Pictures aside, write out the data exactly as it reads.

- [Given data]
§ §
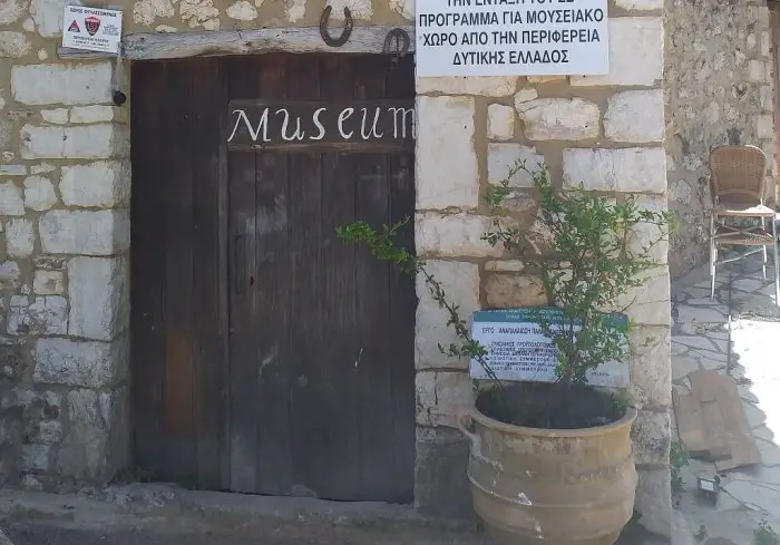 Ein weiterer Lockvogel ist das neu eingerichtete Museum. Es liegt an der Hauptstraße, dem einzigen Durchfahrtsweg in Monasteraki. Der schöne Steinbau ist nicht zu verfehlen. Vor dem Hofeingang gibt es eine kleine Erhebung mit drei, vier Kaffeestühlen und mit einem kioskgroßen Anbau ans Haupthaus, in dem Pitas, Kaffee, Ouzo, kühles Bier und sonstige Leckereien angeboten werden. Die hausgemachten Pitas sind übrigens eine Delikatesse. Durch einen steinernen Rundbogen kommt man in den Innenhof, der am Fluss liegt. Auch hier fließt eine Quelle aus dem Gestein. Ich sitze mit meiner Freundin Joan unter dichten Baumkronen, in den starken Ästen über uns sehen wir bronzegrünen Rosenkäfern bei ihren Annäherungsspielereien zur Paarung zu. Die Frau aus dem steinernen Kiosk stellt einen vom eiskühlen Wasser beschlagenen Krug vor uns auf dem Tisch ab, zwei Fläschchen Ouzo und einen Teller mit mundgerechten Pitahäppchen. Wann die Taverne im Innenhof geöffnet sein wird? Wann das Museum? In zehn Tagen, sagt die Frau kurz angebunden, während sie uns mit ihrem zwischen Schulter und Ohr eingeklemmten Mobiltelefon bedient. Sie hilft heute aus.
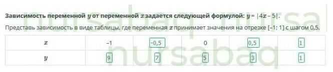 Представь зависимость в виде таблицы,где переменная x принимает значения на отрезке [-1;1] с шагом 0,5
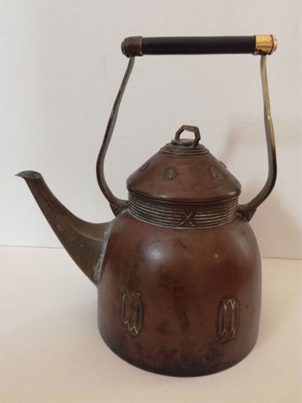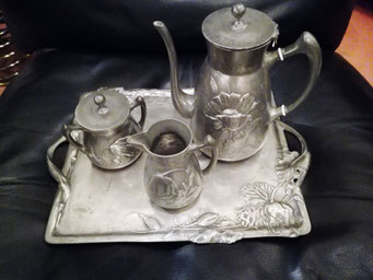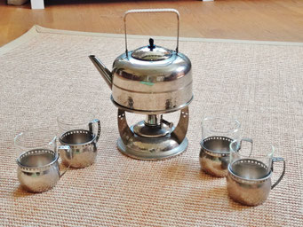 WMF Straußenmarke, Teekanne mit Rechaud und 4 Teegläsern, Art Deco
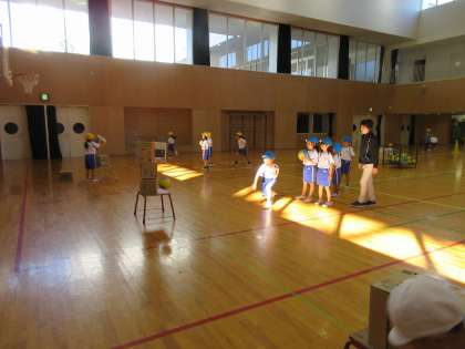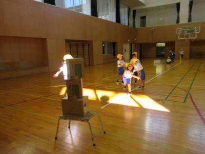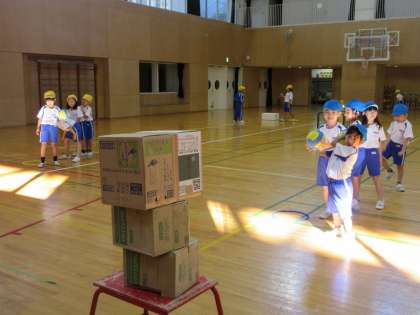 少し離れた台の上に積み重ねられた段ボールを、投げた球の威力でいくつ落とせるかにチャレンジしてみました。「下の段ボールに当てると、たくさん落とせるよ」「足を前後に開いて、勢いをつけるといいよ」等、お互いにアドバイスし合いながら、的当てゲームを楽しみました。
§ §
- [Result]
 Ein weiterer Lockvogel ist das neu eingerichtete Museum. Es liegt an der Hauptstraße, dem einzigen Durchfahrtsweg in Monasteraki. Der schöne Steinbau ist nicht zu verfehlen. Vor dem Hofeingang gibt es eine kleine Erhebung mit drei, vier Kaffeestühlen und mit einem kioskgroßen Anbau ans Haupthaus, in dem Pitas, Kaffee, Ouzo, kühles Bier und sonstige Leckereien angeboten werden. Die hausgemachten Pitas sind übrigens eine Delikatesse. Durch einen steinernen Rundbogen kommt man in den Innenhof, der am Fluss liegt. Auch hier fließt eine Quelle aus dem Gestein. Ich sitze mit meiner Freundin Joan unter dichten Baumkronen, in den starken Ästen über uns sehen wir bronzegrünen Rosenkäfern bei ihren Annäherungsspielereien zur Paarung zu. Die Frau aus dem steinernen Kiosk stellt einen vom eiskühlen Wasser beschlagenen Krug vor uns auf dem Tisch ab, zwei Fläschchen Ouzo und einen Teller mit mundgerechten Pitahäppchen. Wann die Taverne im Innenhof geöffnet sein wird? Wann das Museum? In zehn Tagen, sagt die Frau kurz angebunden, während sie uns mit ihrem zwischen Schulter und Ohr eingeklemmten Mobiltelefon bedient. Sie hilft heute aus.
 Представь зависимость в виде таблицы,где переменная x принимает значения на отрезке [-1;1] с шагом 0,5
 WMF Straußenmarke, Teekanne mit Rechaud und 4 Teegläsern, Art Deco
 少し離れた台の上に積み重ねられた段ボールを、投げた球の威力でいくつ落とせるかにチャレンジしてみました。「下の段ボールに当てると、たくさん落とせるよ」「足を前後に開いて、勢いをつけるといいよ」等、お互いにアドバイスし合いながら、的当てゲームを楽しみました。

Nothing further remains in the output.